In this example, the Louvain algorithm fits better the network of interest, as the curve of the stability measure assumes lower values than the one obtained by the Fast greedy method.

Statistical tests

The following procedures test the statistical differences between the two curves using two different methods

robinFDATest(graph=graph, model1=comp$Mean1, model2=comp$Mean2, measure="vi")
## [1] "First step: basis expansion"
## Swapping 'y' and 'argvals', because 'y' is  simpler,
##   and 'argvals' should be;  now  dim(argvals) =  13 ;  dim(y) =  13 x 20 
## [1] "Second step: joint univariate tests"
## [1] "Third step: interval-wise combination and correction"
## [1] "creating the p-value matrix: end of row 2 out of 9"
## [1] "creating the p-value matrix: end of row 3 out of 9"
## [1] "creating the p-value matrix: end of row 4 out of 9"
## [1] "creating the p-value matrix: end of row 5 out of 9"
## [1] "creating the p-value matrix: end of row 6 out of 9"
## [1] "creating the p-value matrix: end of row 7 out of 9"
## [1] "creating the p-value matrix: end of row 8 out of 9"
## [1] "creating the p-value matrix: end of row 9 out of 9"
## [1] "Interval Testing Procedure completed"
## Warning: Removed 70 row(s) containing missing values (geom_path).

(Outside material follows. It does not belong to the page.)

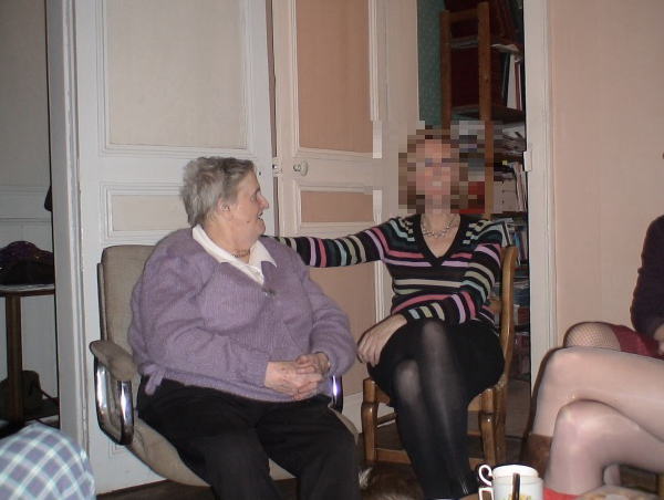 | テーブルについてアグネスと妹さん手料理の食事が始まる。シャンパン・ワイン・チーズ・パン・果物各種・鹿肉ステーキ・フォアグラ・デザート... 3時間ほどゆっくり、賑やかに、喋り・食べ・飲んで過ごす。 食後はみんなで散歩にでる。愛犬のゴーストもすっかり慣れて可愛い。帰って又リビングで紅茶&ケーキ&クッキー食べながら エマ君子供時代のアルバムを見せてもらったり家の中を案内してもらったり。 |

## TableGrob (1 x 2) "arrange": 2 grobs
##   z     cells    name           grob
## 1 1 (1-1,1-1) arrange gtable[layout]
## 2 2 (1-1,2-2) arrange gtable[layout]
## $adj.pvalue
## [1] 0.4060 0.0353 0.0425 0.0053 0.0225 0.1448 0.8266 0.9493 0.2464
## 
## $pvalues
## [1] 0.4060 0.0047 0.0425 0.0021 0.0038 0.0125 0.5606 0.9493 0.0288
robinGPTest(model1=comp$Mean1, model2=comp$Mean2)
##  Profile  1 
##  Profile  2
## [1] 26.87333

while

robinAUC(graph=graph, model1=comp$Mean1, model2=comp$Mean2, measure="vi")
## $area1
## [1] 0.1659276
## 
## $area2
## [1] 0.1205634

calculates the area under the curves.